In April 2017, I was diagnosed with incurable kidney cancer and given a poor prognosis of just months.  Following surgery, radiotherapy, and chemo, I was delighted to be discharged in September 23.  I was told there was now little chance the cancer would return.  However, due to a lab mistake, one of my last blood tests was analysed for psa instead of kidney function.  My psa was 13.1.  I now have an urgent referral for investigation.

 

Despite the previous cancer diagnosis and treatment, I am fit, healthy, highly mentally alert, and young for my age at 77.5.  I am not on any medication.  I can nip comfortably up numerous flights of stairs and frequently do.  I have a good bmi, don't smoke or drink etc.  I would say my biological age is much lower than my chronological age.

 

I had a nephro ureterectomy.  I now only have one kidney and am classified as Stage 3b CKD due to reduced kidney function in the remaining kidney, post-nephrectomy.  This does not impinge on my life, and I have a normal diet and existence.  

 

I had HOLEP 11 years ago in 2012.  In 2018 my psa was 1.49.  In July 23 it was 13.1, two months later in September 23 it is 13.37.  Does the previous HOLEP make this latter psa more significant, even if my prostate appears to have regrown over the past 11 years?

 

Following the inadvertent psa, the oncologist referred to (what was) my final ct with contrast in August 2023.  I was told they saw “heterogeneity enhancement of prostate similar to the ct” from the previous year.  They also said that if it was PCa it appeared to be contained within the prostate.

 

I also had my annual cystoscopy in August 2023, in which my bladder was clear.  Due to a declining flow and a little hesitancy, at the last few annual cystoscopies, I have asked how my prostate was looking.  They said it is growing and you need a redo.

 

I don’t get up more than once in the night, and it is usually after about 6 hours, and I could hold it longer if I choose.  I have no urgency or discomfort.  I don’t fret about toilets when out and about.  Personal dipstick tests show no blood, and all the other parameters are normal.

 

The oncologist said that despite me being a “fit man” surgery would not be offered, and very briefly hinted at the possibility of VMat IMRT with a few months of HT.  Now what to do? 

 

I know it is early days in the process, but want to be as prepared as I can be.  I absolutely don’t want to skew the suggestions and want to leave all options open, but considering my age and medical history Is WW or AS ‘the’ viable option?  I also want to be around for my wife as long as possible, and that is a prime consideration.

 

Having researched all the different options from private focal HIFU to robotic prostatectomy,  I ended up at RT, which having read some personal experiences believe it could potentially significantly impact my QOL.  The same goes for HT.  I have an even greater antipathy towards the latter considering what it could do to my QOL.  Is RT viable without HT?  Could it, would it give more years, or is it just months?

 

I know there is a considerable waiting list at my hospital.  I don’t want to have HT given as a holding option for months.  There is mpMRi at the hospital so I also don’t want to be directly pushed towards a TRUS biopsy as an alternative.  In fact, I worry about multiple biopsies generally in terms of potential infection, prostatitis, and sepsis.  Also, could the ‘genie be let out of the bottle’?  I think they only do transrectal biopsies.  I could use savings for an mpMRI and trans perineal biopsies.  Should I opt for the latter?

 

Apologies for the longish first post.  I welcome advice because I have been going around in circles and getting quite anxious over the whole matter.

 

Jonal



User
Posted 26 Sep 2023 at 15:51
It doesn't sound like you have actually got a diagnosis yet? MPMRI will be key to obtaining one but you can't be diagnosed without a biopsy.
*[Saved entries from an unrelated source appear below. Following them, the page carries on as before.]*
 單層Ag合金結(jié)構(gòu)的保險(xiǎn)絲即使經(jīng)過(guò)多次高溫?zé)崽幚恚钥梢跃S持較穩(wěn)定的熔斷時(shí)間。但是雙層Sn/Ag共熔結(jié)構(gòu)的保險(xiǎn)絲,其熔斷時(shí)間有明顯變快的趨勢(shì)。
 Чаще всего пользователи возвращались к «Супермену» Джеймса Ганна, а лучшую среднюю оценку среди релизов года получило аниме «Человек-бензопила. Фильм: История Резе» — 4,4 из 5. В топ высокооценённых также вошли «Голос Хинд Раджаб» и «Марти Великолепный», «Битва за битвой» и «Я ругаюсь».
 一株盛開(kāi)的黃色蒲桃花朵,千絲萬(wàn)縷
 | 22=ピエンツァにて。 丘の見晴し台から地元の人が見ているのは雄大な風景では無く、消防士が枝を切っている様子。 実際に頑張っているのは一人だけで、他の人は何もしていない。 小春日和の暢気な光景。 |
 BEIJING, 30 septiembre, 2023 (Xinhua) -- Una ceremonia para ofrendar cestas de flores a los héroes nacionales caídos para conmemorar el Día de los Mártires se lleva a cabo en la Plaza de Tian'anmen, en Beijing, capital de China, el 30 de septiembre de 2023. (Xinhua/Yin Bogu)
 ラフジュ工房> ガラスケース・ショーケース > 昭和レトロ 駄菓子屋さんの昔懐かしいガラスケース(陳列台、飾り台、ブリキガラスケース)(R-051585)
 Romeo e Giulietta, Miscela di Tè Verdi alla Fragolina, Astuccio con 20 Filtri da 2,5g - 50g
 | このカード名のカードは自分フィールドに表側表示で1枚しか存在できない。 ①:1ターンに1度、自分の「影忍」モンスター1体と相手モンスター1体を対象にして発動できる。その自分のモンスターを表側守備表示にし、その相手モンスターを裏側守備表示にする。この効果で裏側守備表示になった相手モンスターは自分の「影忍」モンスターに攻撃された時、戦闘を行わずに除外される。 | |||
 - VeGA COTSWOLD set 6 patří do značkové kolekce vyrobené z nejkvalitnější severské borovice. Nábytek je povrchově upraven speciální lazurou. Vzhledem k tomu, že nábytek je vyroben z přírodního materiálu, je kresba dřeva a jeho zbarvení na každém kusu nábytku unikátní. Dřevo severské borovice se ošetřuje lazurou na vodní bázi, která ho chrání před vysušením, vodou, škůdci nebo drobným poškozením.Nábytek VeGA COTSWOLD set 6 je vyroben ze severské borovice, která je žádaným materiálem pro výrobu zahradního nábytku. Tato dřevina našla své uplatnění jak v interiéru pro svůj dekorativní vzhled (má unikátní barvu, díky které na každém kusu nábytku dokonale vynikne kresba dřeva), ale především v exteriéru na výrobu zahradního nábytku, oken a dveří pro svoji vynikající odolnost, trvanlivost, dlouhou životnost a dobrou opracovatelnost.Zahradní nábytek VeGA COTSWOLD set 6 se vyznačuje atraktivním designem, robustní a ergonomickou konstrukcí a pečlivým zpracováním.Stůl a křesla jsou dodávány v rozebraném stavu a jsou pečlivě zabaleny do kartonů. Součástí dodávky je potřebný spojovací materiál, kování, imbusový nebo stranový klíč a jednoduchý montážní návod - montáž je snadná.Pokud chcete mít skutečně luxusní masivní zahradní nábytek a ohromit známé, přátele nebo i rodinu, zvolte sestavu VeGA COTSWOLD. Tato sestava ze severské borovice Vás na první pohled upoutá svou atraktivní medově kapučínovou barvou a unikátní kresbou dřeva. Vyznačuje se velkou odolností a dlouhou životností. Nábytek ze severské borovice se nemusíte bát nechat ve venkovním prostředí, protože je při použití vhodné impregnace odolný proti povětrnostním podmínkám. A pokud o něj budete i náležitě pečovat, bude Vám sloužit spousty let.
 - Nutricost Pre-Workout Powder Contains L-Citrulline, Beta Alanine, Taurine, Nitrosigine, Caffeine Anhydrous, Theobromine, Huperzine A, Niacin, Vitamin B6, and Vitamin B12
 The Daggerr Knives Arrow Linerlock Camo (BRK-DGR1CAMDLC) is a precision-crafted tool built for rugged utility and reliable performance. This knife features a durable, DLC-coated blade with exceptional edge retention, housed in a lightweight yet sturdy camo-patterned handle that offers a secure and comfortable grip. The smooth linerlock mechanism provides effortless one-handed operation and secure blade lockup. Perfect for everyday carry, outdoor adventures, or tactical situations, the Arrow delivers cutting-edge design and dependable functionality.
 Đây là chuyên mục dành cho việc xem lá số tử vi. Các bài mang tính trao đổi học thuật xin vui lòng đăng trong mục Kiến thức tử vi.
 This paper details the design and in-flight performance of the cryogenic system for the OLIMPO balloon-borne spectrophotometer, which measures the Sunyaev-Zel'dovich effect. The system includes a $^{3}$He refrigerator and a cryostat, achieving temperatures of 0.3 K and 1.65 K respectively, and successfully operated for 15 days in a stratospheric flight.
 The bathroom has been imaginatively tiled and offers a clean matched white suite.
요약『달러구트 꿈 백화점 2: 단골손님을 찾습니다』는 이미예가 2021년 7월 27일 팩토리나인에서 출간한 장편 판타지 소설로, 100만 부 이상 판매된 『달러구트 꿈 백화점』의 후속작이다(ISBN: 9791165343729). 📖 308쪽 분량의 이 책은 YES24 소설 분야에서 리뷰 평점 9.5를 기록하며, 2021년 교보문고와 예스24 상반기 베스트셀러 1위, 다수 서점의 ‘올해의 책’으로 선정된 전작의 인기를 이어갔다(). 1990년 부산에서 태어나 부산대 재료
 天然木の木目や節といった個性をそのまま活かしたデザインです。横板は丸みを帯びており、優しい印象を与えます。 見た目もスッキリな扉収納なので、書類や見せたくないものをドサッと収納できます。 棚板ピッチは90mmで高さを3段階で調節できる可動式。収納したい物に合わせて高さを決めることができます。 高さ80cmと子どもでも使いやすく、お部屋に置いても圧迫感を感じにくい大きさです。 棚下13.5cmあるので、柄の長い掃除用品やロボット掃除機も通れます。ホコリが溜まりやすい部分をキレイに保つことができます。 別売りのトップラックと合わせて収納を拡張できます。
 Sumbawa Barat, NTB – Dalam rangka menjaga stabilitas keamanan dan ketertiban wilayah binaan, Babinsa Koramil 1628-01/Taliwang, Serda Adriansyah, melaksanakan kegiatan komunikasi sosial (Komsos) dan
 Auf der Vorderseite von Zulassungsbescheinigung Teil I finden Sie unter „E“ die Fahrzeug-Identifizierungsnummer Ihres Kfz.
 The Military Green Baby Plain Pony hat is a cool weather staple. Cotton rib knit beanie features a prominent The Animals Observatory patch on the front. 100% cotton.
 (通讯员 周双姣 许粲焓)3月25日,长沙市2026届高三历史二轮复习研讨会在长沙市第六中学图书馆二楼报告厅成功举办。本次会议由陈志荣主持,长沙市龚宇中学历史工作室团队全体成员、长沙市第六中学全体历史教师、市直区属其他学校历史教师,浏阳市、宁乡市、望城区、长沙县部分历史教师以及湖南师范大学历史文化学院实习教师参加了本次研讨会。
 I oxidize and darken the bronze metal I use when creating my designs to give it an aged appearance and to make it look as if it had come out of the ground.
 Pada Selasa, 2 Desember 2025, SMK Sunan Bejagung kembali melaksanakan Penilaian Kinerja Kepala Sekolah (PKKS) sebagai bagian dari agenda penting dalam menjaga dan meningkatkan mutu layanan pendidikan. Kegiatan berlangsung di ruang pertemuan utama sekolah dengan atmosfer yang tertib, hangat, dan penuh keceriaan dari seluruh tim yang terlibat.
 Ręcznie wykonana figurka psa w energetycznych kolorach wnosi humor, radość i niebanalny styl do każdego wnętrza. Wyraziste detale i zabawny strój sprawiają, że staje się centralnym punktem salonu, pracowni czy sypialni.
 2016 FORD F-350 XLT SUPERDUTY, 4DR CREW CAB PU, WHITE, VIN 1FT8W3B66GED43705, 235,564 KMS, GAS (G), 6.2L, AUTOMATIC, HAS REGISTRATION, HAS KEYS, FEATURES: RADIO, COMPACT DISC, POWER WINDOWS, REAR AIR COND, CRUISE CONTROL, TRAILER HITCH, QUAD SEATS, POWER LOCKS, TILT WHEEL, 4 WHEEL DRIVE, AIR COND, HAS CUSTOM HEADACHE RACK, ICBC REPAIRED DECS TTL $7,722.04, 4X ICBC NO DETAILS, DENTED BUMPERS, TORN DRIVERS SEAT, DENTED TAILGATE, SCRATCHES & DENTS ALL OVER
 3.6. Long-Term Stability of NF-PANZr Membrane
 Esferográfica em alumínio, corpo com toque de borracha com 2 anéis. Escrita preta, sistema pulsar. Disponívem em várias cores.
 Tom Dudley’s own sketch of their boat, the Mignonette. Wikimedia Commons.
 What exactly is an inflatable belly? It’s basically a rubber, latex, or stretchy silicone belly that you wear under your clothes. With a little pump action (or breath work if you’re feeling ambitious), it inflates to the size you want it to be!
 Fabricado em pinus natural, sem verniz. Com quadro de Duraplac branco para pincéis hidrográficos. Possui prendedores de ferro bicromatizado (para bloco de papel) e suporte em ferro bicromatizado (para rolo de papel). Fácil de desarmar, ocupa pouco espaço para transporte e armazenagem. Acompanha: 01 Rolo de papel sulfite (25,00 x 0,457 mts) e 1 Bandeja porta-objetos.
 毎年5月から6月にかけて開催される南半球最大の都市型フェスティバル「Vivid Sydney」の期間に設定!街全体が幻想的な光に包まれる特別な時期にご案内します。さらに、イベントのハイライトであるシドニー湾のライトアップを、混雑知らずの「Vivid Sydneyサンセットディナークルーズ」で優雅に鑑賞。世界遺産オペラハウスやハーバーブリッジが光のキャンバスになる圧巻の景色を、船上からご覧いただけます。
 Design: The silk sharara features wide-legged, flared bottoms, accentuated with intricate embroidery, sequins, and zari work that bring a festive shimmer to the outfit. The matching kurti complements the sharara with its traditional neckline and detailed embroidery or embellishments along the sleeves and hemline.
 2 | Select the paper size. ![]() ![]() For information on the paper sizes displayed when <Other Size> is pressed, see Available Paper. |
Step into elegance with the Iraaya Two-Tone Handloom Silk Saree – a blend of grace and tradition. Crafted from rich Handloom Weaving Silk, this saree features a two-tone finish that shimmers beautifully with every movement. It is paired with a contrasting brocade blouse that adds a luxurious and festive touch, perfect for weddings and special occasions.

It's not beyond reason that all the fiddling and poking for your bladder cancer has artificially raised your PSA. Only a biopsy can be certain.

Paying for tests privately is a way to get a quicker diagnosis, you are right to be concerned about TRUS biopsies.

User
Posted 26 Sep 2023 at 16:04

Sorry to hear of your second possible cancer battle, but well done on the last one.

I don't think HoLEP will have any impact on your PSA after a few months, and certainly not 11 years later, but a cystoscopy will have temporarily pushed up your PSA.

You haven't yet been diagnosed with prostate cancer as far as I can see - that can only be done with a biopsy, and before that you'd have an MRI scan.

It's premature to start thinking about treatments when you don't know if you have prostate cancer, and if you do, the extent and grading of it isn't known. That's a key factor in choosing treatments.

It looks like you have some agonising weeks while you await the various test results. I hope you have a good outcome, ideally with no cancer found.

Your urinary symptoms are very mild and most likely due to enlarged prostate which is nothing to do with prostate cancer.

Most places do transperineal biopsies now, although I know one place which still does trans-rectal, and have heard they're reappeared in some others because the numbers going through exceed their capabilities with trans-perineal trained clinicians. You should be sent for mpMRI before the biospy as they use the images to guide where samples are needed from. You shouldn't have to pay for either.

HT is used with most types of RT unless the cancer grade is very low. It halves the rate of recurrence, but the benefit to you will depend on your diagnosis. You could refuse it, or you could have it for a shorter period - the 3 months before RT and during RT is probably the most beneficial, and then choose if you are happy to stick with it or stop.

IG-VMAT (image guided volumetric arc therapy) is the standard form of external beam radiotherapy used nowadays, (VMAT replaced IMRT well over 5 years ago, although it is more fancy form of intensity modulated radio therapy). The original IMRT treated from about 5 or 7 stationary positions around you, but VMAT treats you continuously as the LINAC moves around you in a complete circles.

User
Posted 26 Sep 2023 at 20:17

Originally Posted by: Online Community Member
the TP biopsy is usually done under general anaesthetic

This isn't true anymore. There are two different types of TP biopsy.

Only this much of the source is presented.